- Artist: Richard Parkes Bonington
- Year: c. 1825
- Type: Oil on canvas, landscape painting
- Dimensions: 37.5 cm × 52 cm (14.8 in × 20 in)
- Location: Nottingham Castle; Nottingham;

= The Château of the Duchess of Berry =

Painting by Richard Parkes Bonington

The Château of the Duchess of Berry is an oil on canvas landscape painting by the British-born artist Richard Parkes Bonington, from c. 1825.

==History and description==
It depicts the Château de Rosny-sur-Seine, a country estate located on the River Seine outside Paris. At the time the château belonged to the Italian Duchess of Berry. She was the widowed wife of the Duke of Berry, younger son of the Charles X, who had been assassinated in Paris in 1820. The Duchess was the mother of the Duke of Bordeaux, prospective heir to the French crown.

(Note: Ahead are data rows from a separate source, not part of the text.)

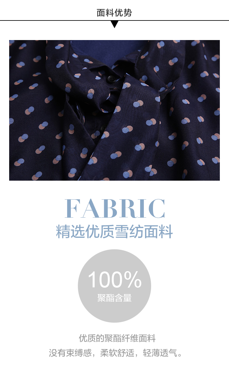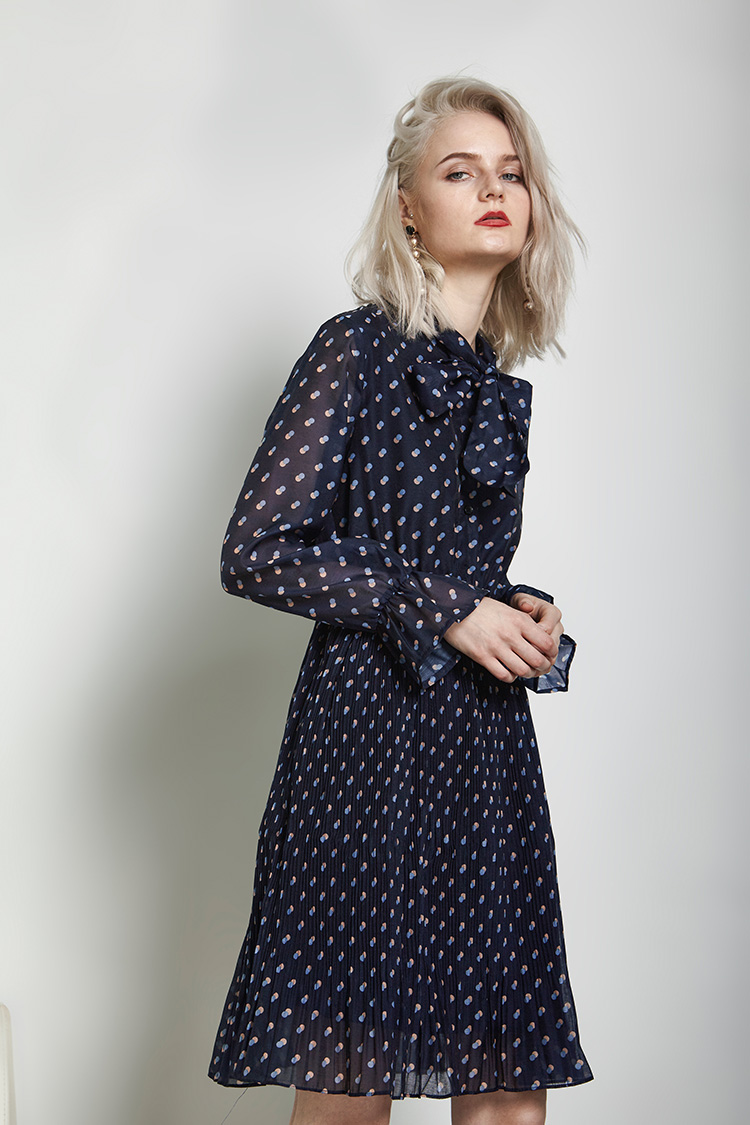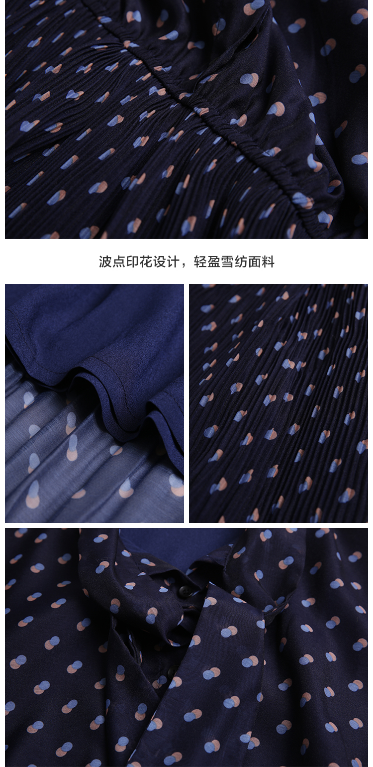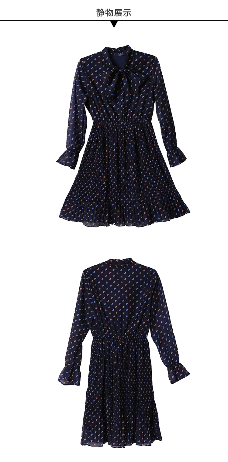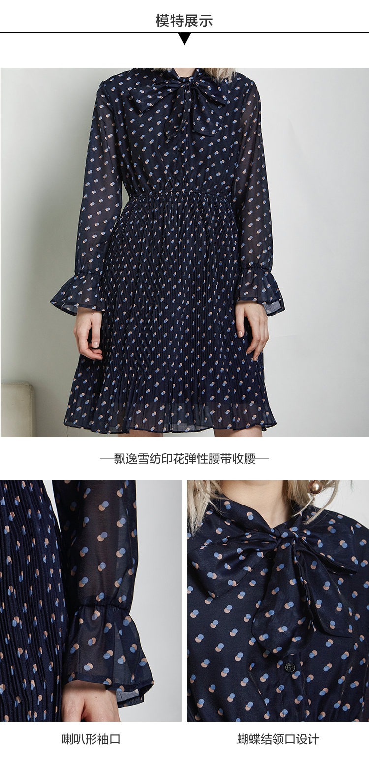 - 纽约故事 灰蓝色印花雪纺飘逸长袖连衣裙
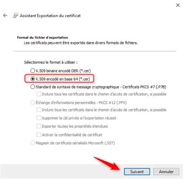 > Sélectionner l'option encodé en base 64 ouis cliquer sur "Suivant"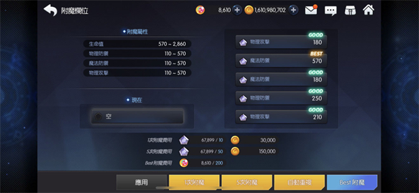 附魔:可以為裝備進行附魔,左邊為可以洗的屬性,右邊則是洗出來的屬性,輸出洗對應的攻擊,暴擊率和冷卻,技能增傷等,輔助盾洗生命防御以及減傷冷卻等,前期沒必要一定追求best,只要great就可以用,可以保存一下,洗到更好的再替換,材料主要來源于次元獸與遠征;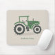 Uma cobertura de mouse bege claro com uma ilustração de um trator de fazenda verde e cinza no estilo de desenho animado e texto personalizável abaixo! Pode ser um presente perfeito para um agricultor ou um homem do campo!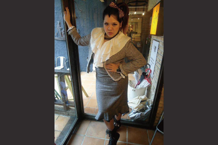 朋友聚會玩穿媽媽衣服復古趴,我超級認真投入,從大荷葉領的白襯衫到短版毛呢外套再到高腰魚尾裙,身上的每件衣服都是媽媽的壓箱寶。尤其是高腰魚尾裙,當我翻到它的時候真的是愛不釋手,因為比起現在流行的魚尾短裙,就是要過膝的魚尾裙才優雅、有氣質呀!雖然是復古趴,但我還是想要帶一點自己的個性,所以搭了一雙高筒、有個性的平底靴,綁了超高馬尾,還很三八的戴了豹紋蝴蝶結頭飾。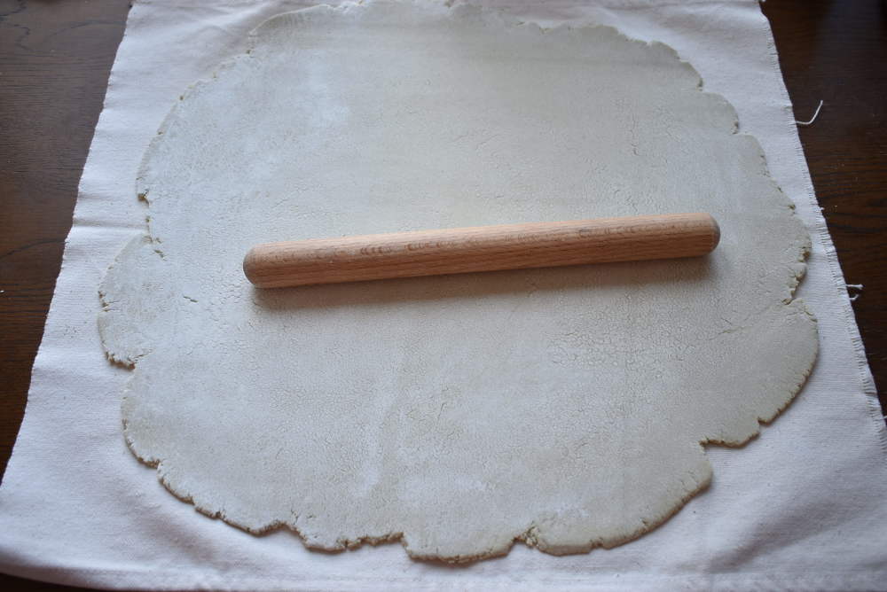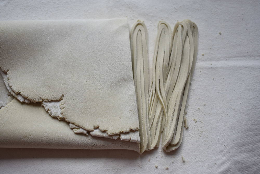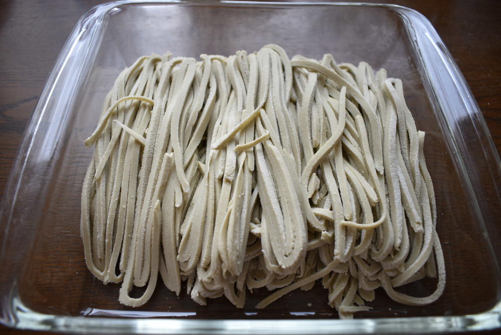 なんとか、そばらしくなりました。麺としての形は整っているようです。すぐに乾燥防止のためにラップをかけて、茹でましょう。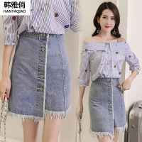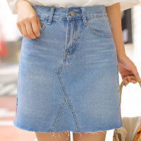 韩雅俏(HANYAQIAO)2018新品高腰牛仔裙女短裙流苏毛边半身裙简约百搭修身包臀A字裙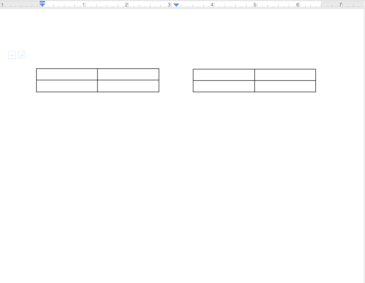 Two-Column Table: Use a single two-cell table, placing one table inside each cell and removing the cell borders for a cleaner layout.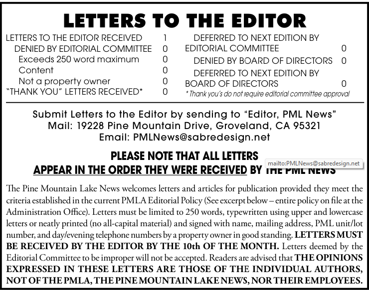 It’s budget time of year. I want to caution the board against the incessant increasing of property dues. The more dues increase, the greater incentive for vacant lot owners to just relinquish their lots back to the association.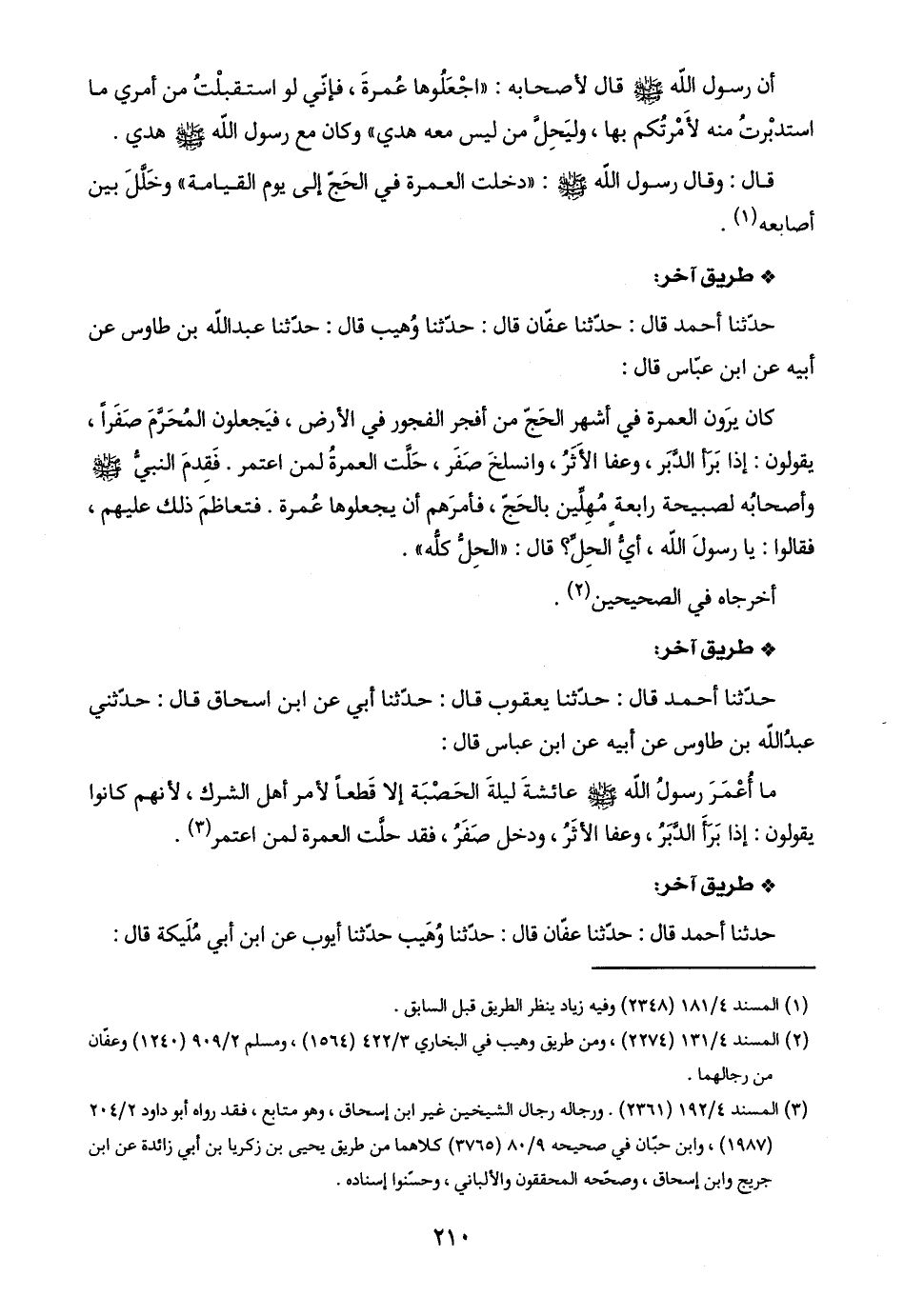 حدّثنا أحمد قال: حدّثنا عفّان قال: حدّثنا وُهيب قال: حدّثنا عبد اللَّه بن طاوس عن أبيه عن ابن عبّاس قال: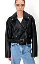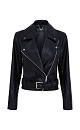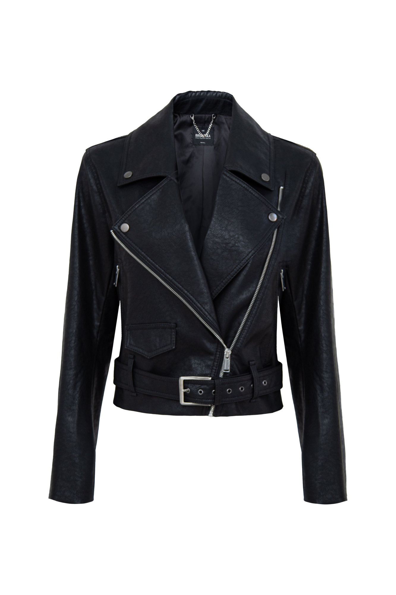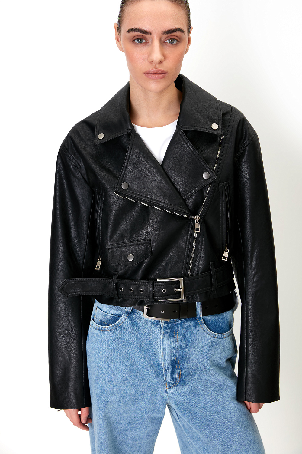 Short faux leather biker jacket with lapel collar. Side pockets with zip closure. Wide belt with metal buckle at hem. Front asymmetric zip closure. Lined.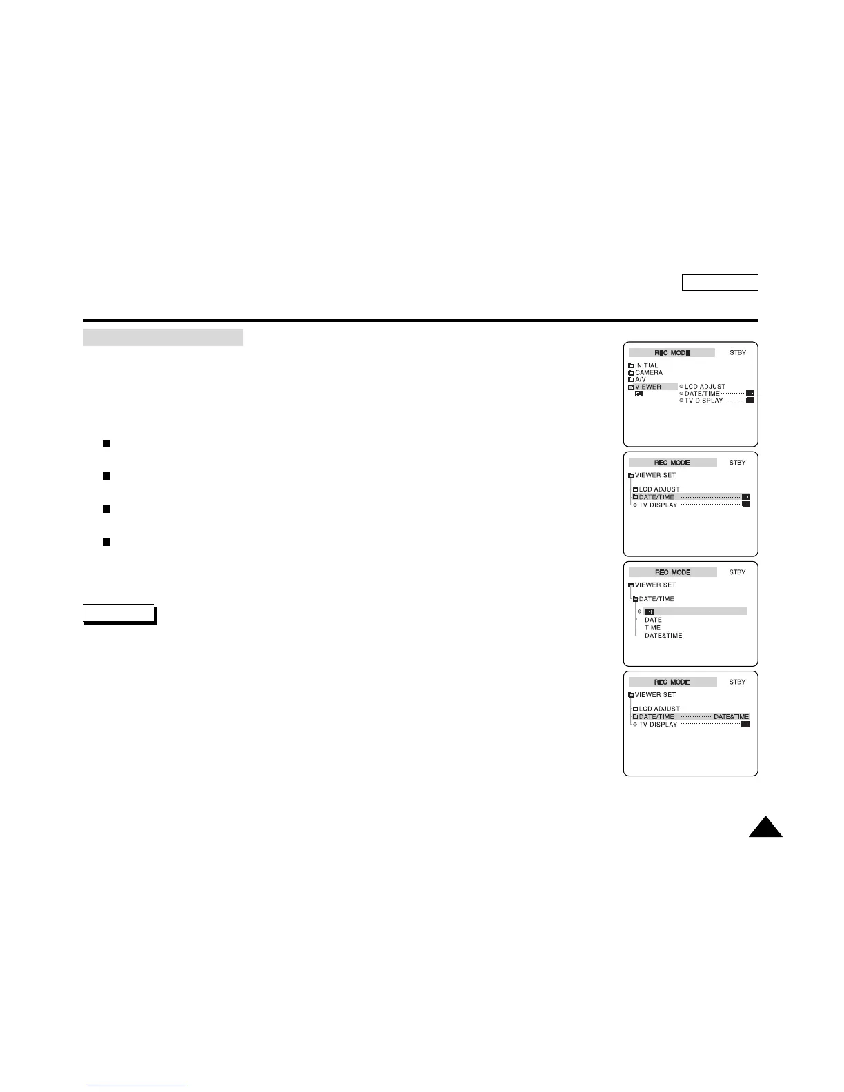 Displays the DATE / TIME on the LCD monitor while recording or playing a tape.

Bonington puts much of the focus of the painting on the sky, reducing the château to the distance. Jean-Baptiste-Camille Corot later produced a view that was more directly focused on the building. Today Bonington's painting is in the collection of Nottingham Castle in the English Midlands, having been accepted in lieu of inheritance tax in 2004.

==Bibliography==
- Bauer, Gérald . The Eloquence of Colour: The Genius of Bonington's Contemporaries. Clem Arts, 2003.
- Cambridge, Matt. Richard Parkes Bonington: Young and Romantic. Nottingham Castle, 2002.
- Cormack, Malcolm. Bonnington. Phaidon Press, 1989.
- Skuy, David. Assassination, Politics, and Miracles: France and the Royalist Reaction of 1820. McGill-Queen's Press, 2003.